_REQUIRED ACTION_
Your answer should be only the lines below from the one with "Glimmerwing's Grand Mushroom" to the one with "Exaltus produced this", repeated exactly, ends included.

_GIVEN RECORDS_
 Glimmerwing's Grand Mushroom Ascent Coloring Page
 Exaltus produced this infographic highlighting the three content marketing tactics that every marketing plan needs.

* * *

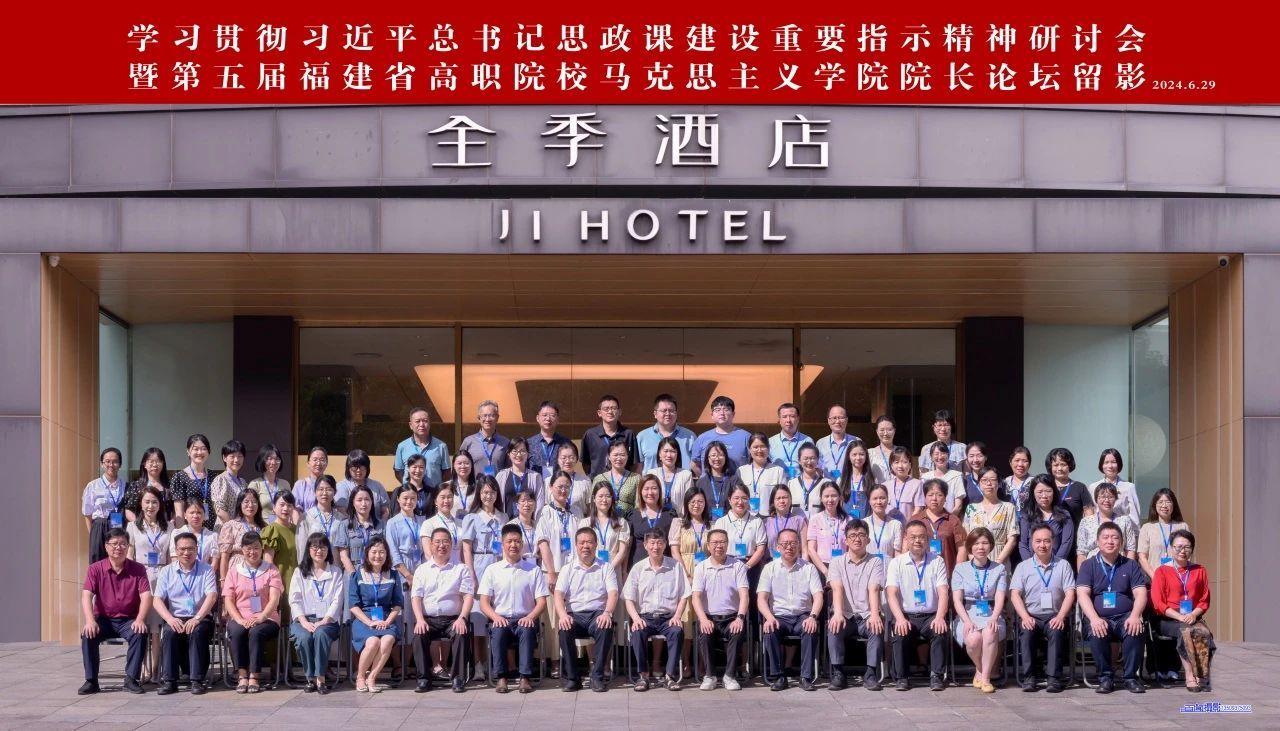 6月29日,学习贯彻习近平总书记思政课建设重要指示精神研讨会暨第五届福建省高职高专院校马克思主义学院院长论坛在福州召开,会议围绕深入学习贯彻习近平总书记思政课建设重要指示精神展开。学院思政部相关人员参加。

...

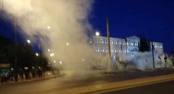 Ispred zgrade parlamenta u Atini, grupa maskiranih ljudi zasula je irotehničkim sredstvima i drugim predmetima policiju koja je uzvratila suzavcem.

_TASK RESULT_
 Glimmerwing's Grand Mushroom Ascent Coloring Page
 Exaltus produced this infographic highlighting the three content marketing tactics that every marketing plan needs.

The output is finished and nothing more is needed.